K. "Boston Area" means the Boston, Massachusetts Metro Survey Area as identified by The Arbitron Radio Market Report for Boston (Spring 1997), which is made up of the following counties:Essex, Middlesex, Norfolk, Plymouth, and Suffolk.

L. "St. Louis Area" means the St. Louis, Missouri Metro Survey Area as identified by The Arbitron Radio Market Report for St. Louis (Spring 1997), which is made up of the following counties: Clinton, Franklin, Jefferson, Jersey, Lincoln, Madison, Monroe, St. Charles, St. Clair, St. Louis, St. Louis City, and Warren.

M. "CBS Radio Station" means any radio station owned by CBS or ARS and licensed to a community in the Baltimore Area, the Boston Area, or the St. Louis Area, other than WOCT-FM in the Baltimore Area, WEGQ-FM, WAAF-FM, WEEI-AM and WRKO-AM in the Boston Area, and KSD-FM and KLOU-FM in the St. Louis Area.

N. "Non-CBS Radio Station" means any radio station licensed to a community in the Baltimore Area, the Boston Area, or the St. Louis Area that is not a CBS Radio Station.

O. "Acquirer" means the entity or entities to whom defendants divest the WOCT-FM Assets, the WEGQ-FM Assets, the WAAF-FM Assets, the WEEI-AM Assets, the WRKO-AM Assets, the KSD-FM Assets, and/or the KLOU-FM Assets under this Final Judgment.

P. "FCC Disposition Trust" means the FCC-approved trust or trusts established for the purpose of insuring compliance with FCC numerical limitations on radio local ownership.
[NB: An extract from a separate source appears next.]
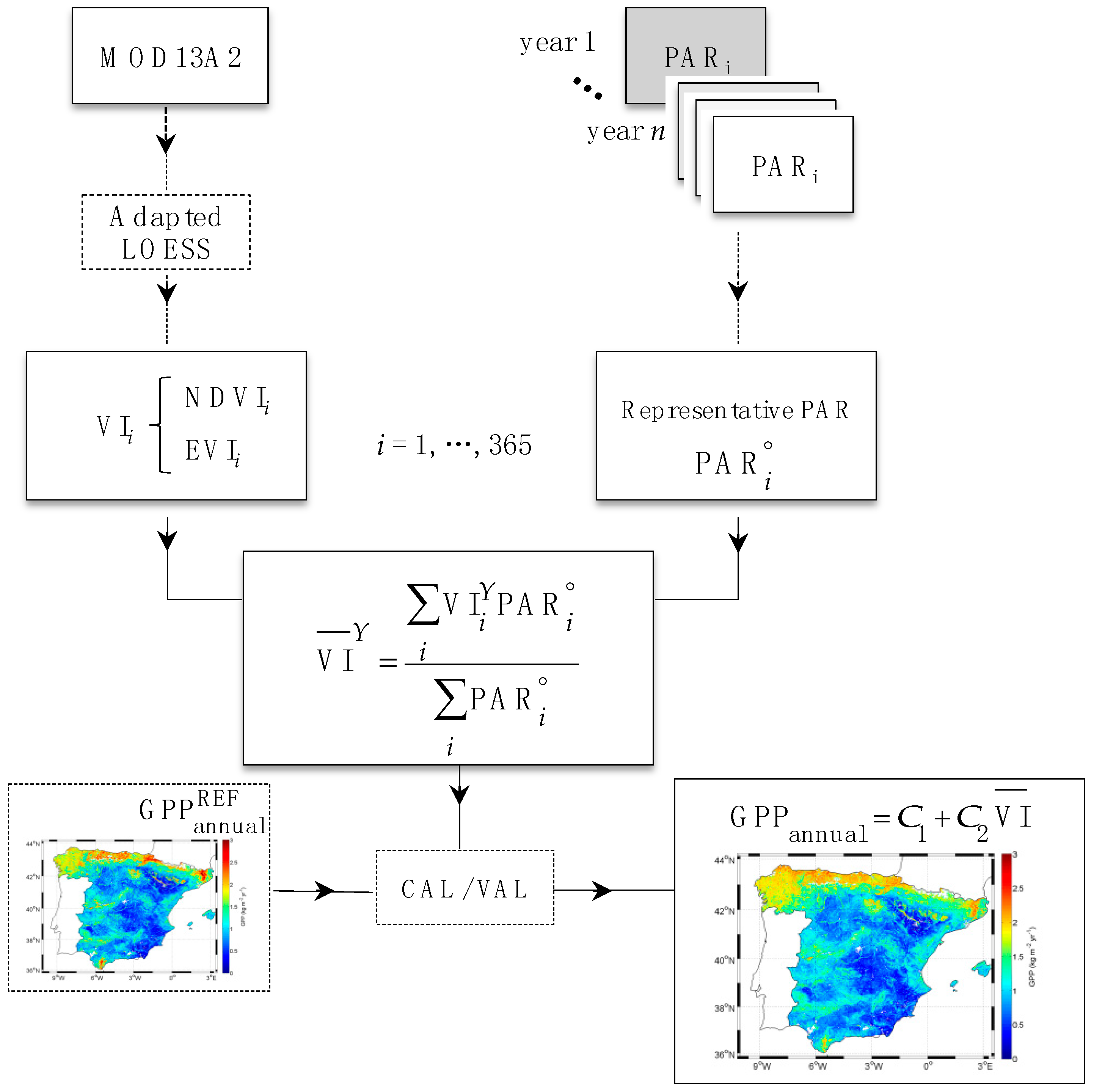 Flowchart of GPPannual estimation using the PAR-weighted VI (being VI = NDVI, EVI).

Q. "FCC Trust Radio Stations" means those stations which CBS will transfer into the FCC Disposition Trust prior to consummation of the proposed acquisition.

III. APPLICABILITY

A. The provisions of this Final Judgment apply to each of the defendants, their successors and assigns, their subsidiaries, affiliates, directors, officers, managers, agents and employees, and all other persons in active concert or participation with any of them who shall have received actual notice of this Final Judgment by personal service or otherwise.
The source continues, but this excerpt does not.